For this exercise, the lines from the one with "The image depicts" through the end of the material below must be output exactly, without pictures.

DATASET CONTENT START

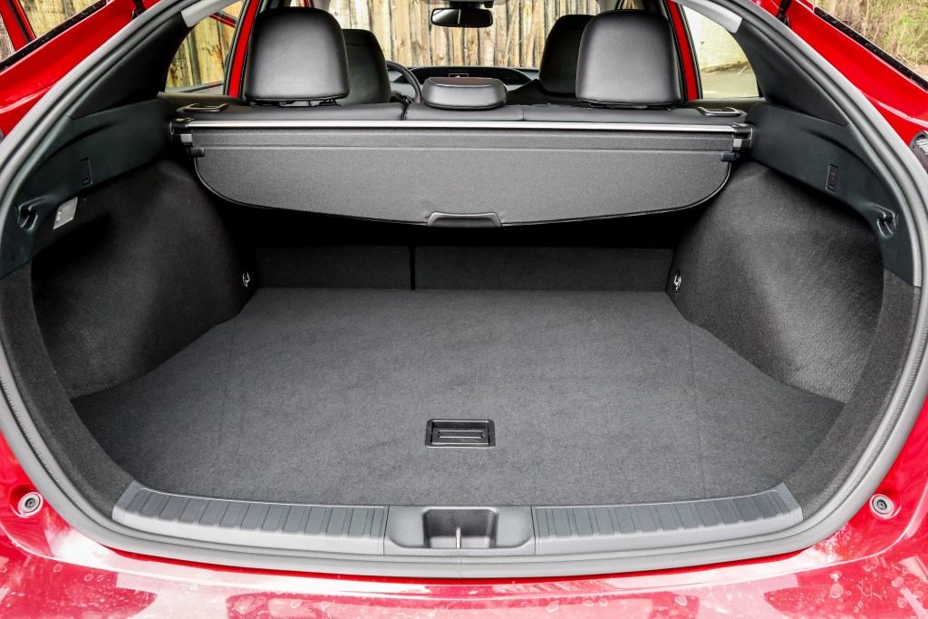 為營造最大載乘容量,電池被藏匿於後座椅底下,從而使行李箱容積寬達697公升,比Lexus UX250h的481公升裝載量大了很多。Prius使用1.8公升DOHC,VVT-i自然進氣四汽缸引擎,引擎本身的最大馬力輸出為96匹而最高扭力則有105磅呎,但憑藉前電馬達的71匹馬力後馬達的7匹馬力及前120後40磅呎扭力的渾厚功率,綜合起來之後的動力輸出就變成121匹。從起動以至慢速行駛時,若電池儲電量是充足的話,車子便以EV模式全由電池和電動馬達組合操作,直至加速和行駛速度逾39km/h時,引擎才開始介入與電動馬達一齊運作或互相交替進入Hybrid驅動狀態。Prius亦採用全新發展的CVT電子控制無段變速系統來提供更為優異的動力傳輸效率表現。
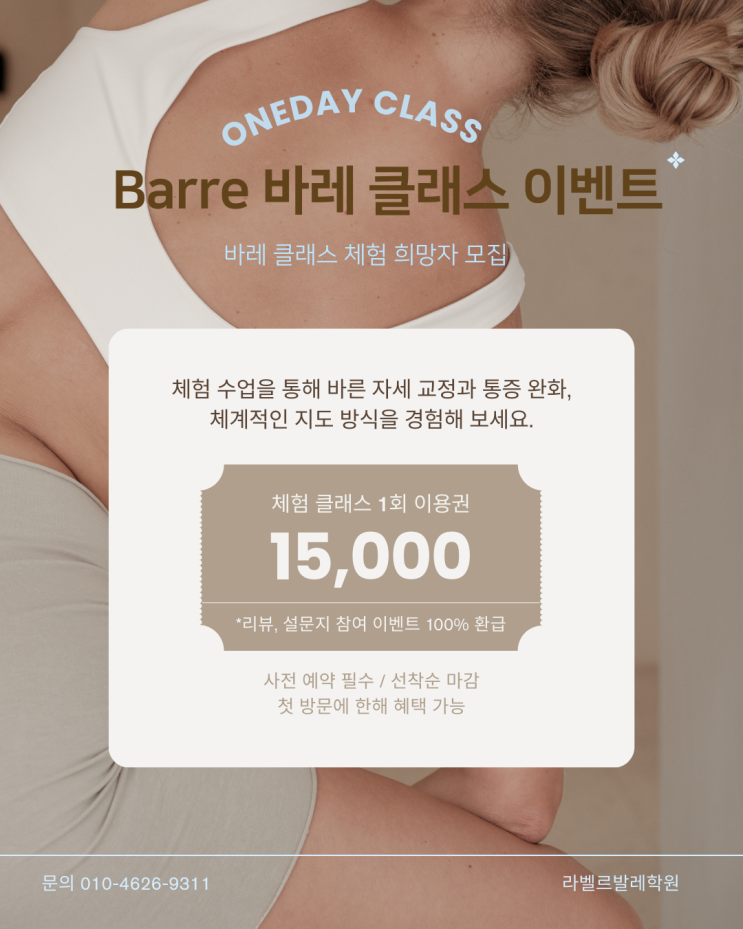 라벨르발레 무료 체험 선착순 안내 바레(Barre) 무료 체험 ✔ 3월 25일 (수) 오전 10시 ✔ 선착순 8명 마감 소수 정원으로 진행되어 한 분 한 분 자세를 꼼꼼하게 봐드립니다. 발레 무료 체험 ✔ 3월 31일 (화) ✔ 선착순 8명 마감 처음 발레를 시작하시는 분들을 위해 더 세심하게 지도하는 클래스입니다. ⚠️ 중요 안내 선착순 인원 마감 시 자동 종료됩니다 현재 문의가 많아 빠르게 마감될 수 있습니다 체험 후 등록까지 이어지는 경우가 많아 지금 신청하시는 걸 추천드립니다 신청 방법 네이버 예약으로 신청 후 원하시는 원데이 클래스를 “이름 / 수업 / 날짜” 문자로 보내주세요! 예시) 홍길동 / ....... <img src="https://blogthumb.pstatic.net/MjAyNjAzMjNfMTMz/MDAxNzc0MjcyOTcyMzg4.bQL0ociBFrXGyusGMc4KNSak3D2_oIRY0oBPC4YH1twg.yU7q5ebrtQ5JkT6yCRDAKDXlMbozeZrZAy3_prYO5ocg.PNG/%BA%A3%C0%CC%C1%F6%BB%F6_%B1%F2%B2%FB%C7%D1_%C7%C7%BA%CE%B0%FC%B8%AE_%C0%CC%BA%A5%C6%AE_%B8%AE%BD%BA%C6%AE_%C0%CE%BD%BA%C5%B8%B1%D7%B7%A5_%B0%D4%BD%C3%B9%B0_%281%29.png?type=s3" />
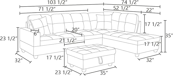 ROOMTEC Button L Shape 3 Piece Sectional Sofa Set, Upholstered Corner Couch with Storage Ottoman, Faux Leather Tufted Cushions, for Living Room, Apartment, 103inch, Deer Brown w/Right Chaise Lounge
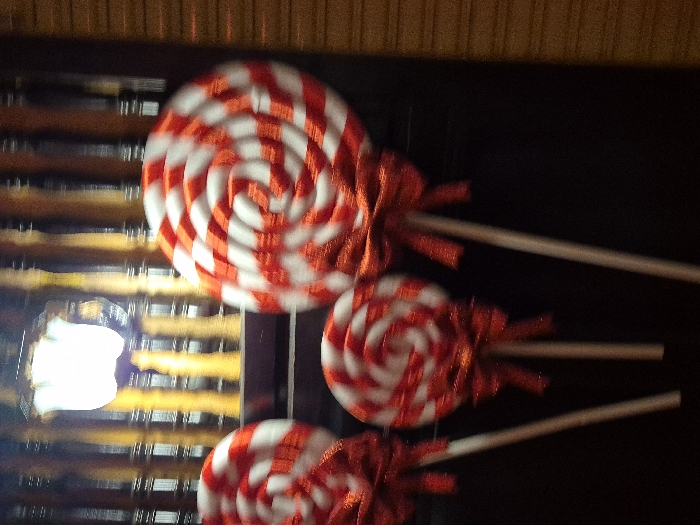 The image depicts three decorative lollipops, varying in size, positioned in the foreground against a dark background. From left to right, a large red and white spiral lollipop with a red glitter bow on a light stick is partially visible. A medium-sized matching lollipop is centrally located, followed by a smaller one to the right, also with a red bow and light stick. In the upper background, a wall-mounted light fixture with a white, fluted glass shade is illuminated. Below and behind the light, a wooden balustrade or railing with vertical balusters is discernible. A section of light brown, vertically textured wall paneling is visible on the far right. No people are present. The scene captures a stationary indoor decorative display. The specific location within Đà Nẵng, Vietnam, cannot be identified from the visual data.
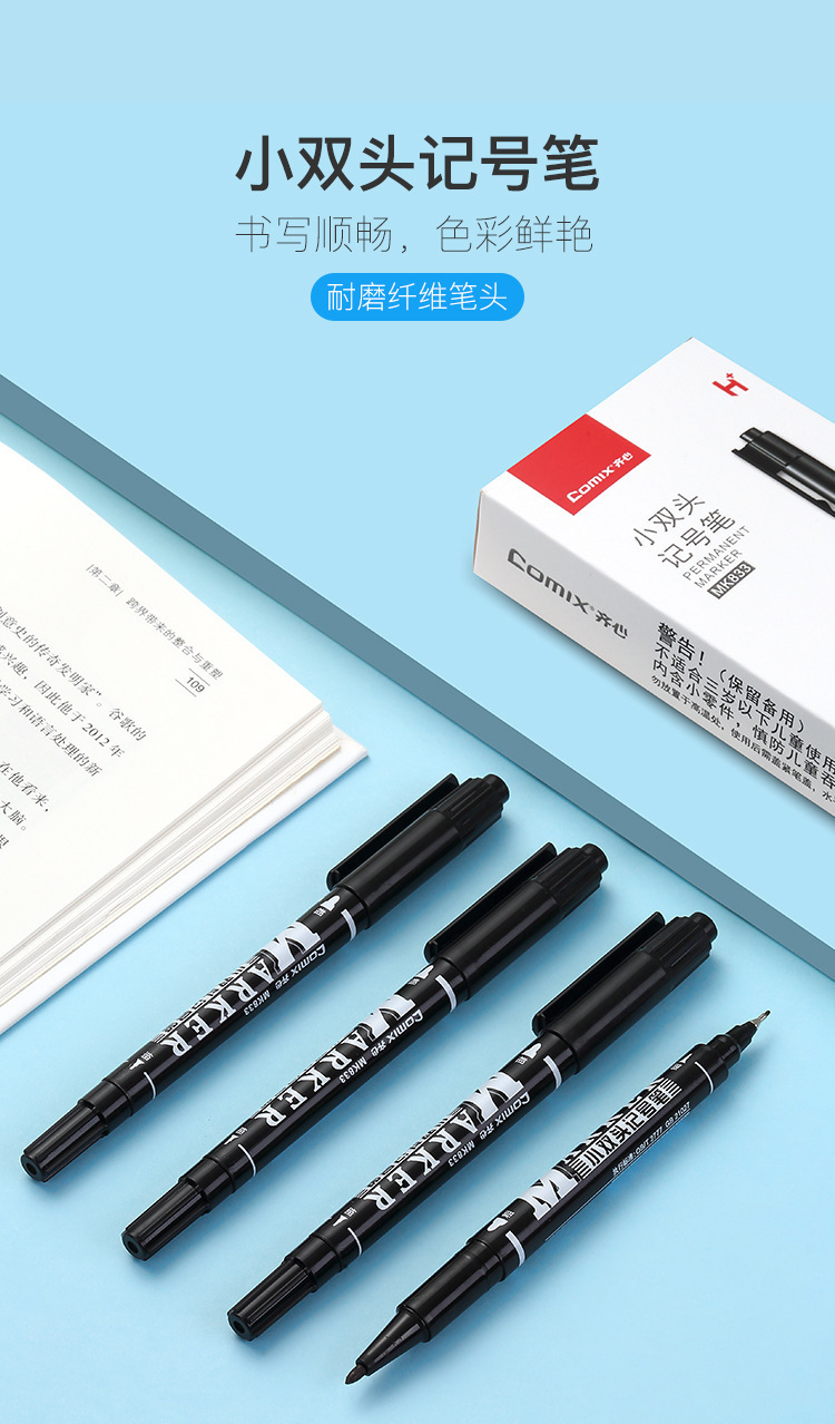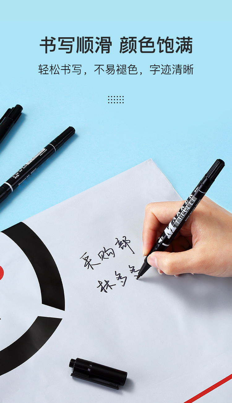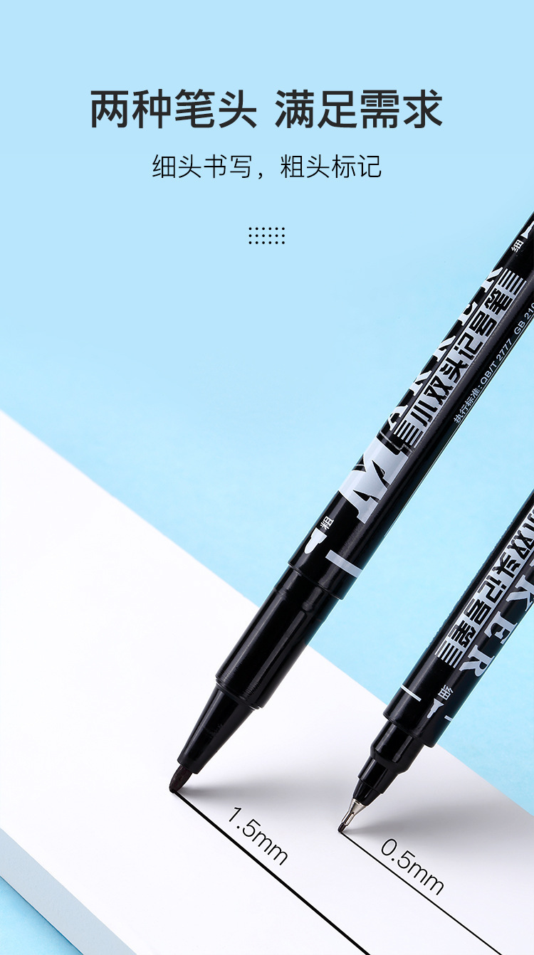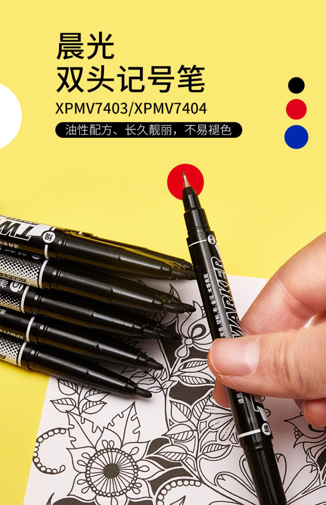 晨光XPMV7403记号笔小双头油性细头勾线笔绘画黑色美术笔防水速干

DATASET CONTENT END

- **ANSWER TO THE PROBLEM**:
 The image depicts three decorative lollipops, varying in size, positioned in the foreground against a dark background. From left to right, a large red and white spiral lollipop with a red glitter bow on a light stick is partially visible. A medium-sized matching lollipop is centrally located, followed by a smaller one to the right, also with a red bow and light stick. In the upper background, a wall-mounted light fixture with a white, fluted glass shade is illuminated. Below and behind the light, a wooden balustrade or railing with vertical balusters is discernible. A section of light brown, vertically textured wall paneling is visible on the far right. No people are present. The scene captures a stationary indoor decorative display. The specific location within Đà Nẵng, Vietnam, cannot be identified from the visual data.
 晨光XPMV7403记号笔小双头油性细头勾线笔绘画黑色美术笔防水速干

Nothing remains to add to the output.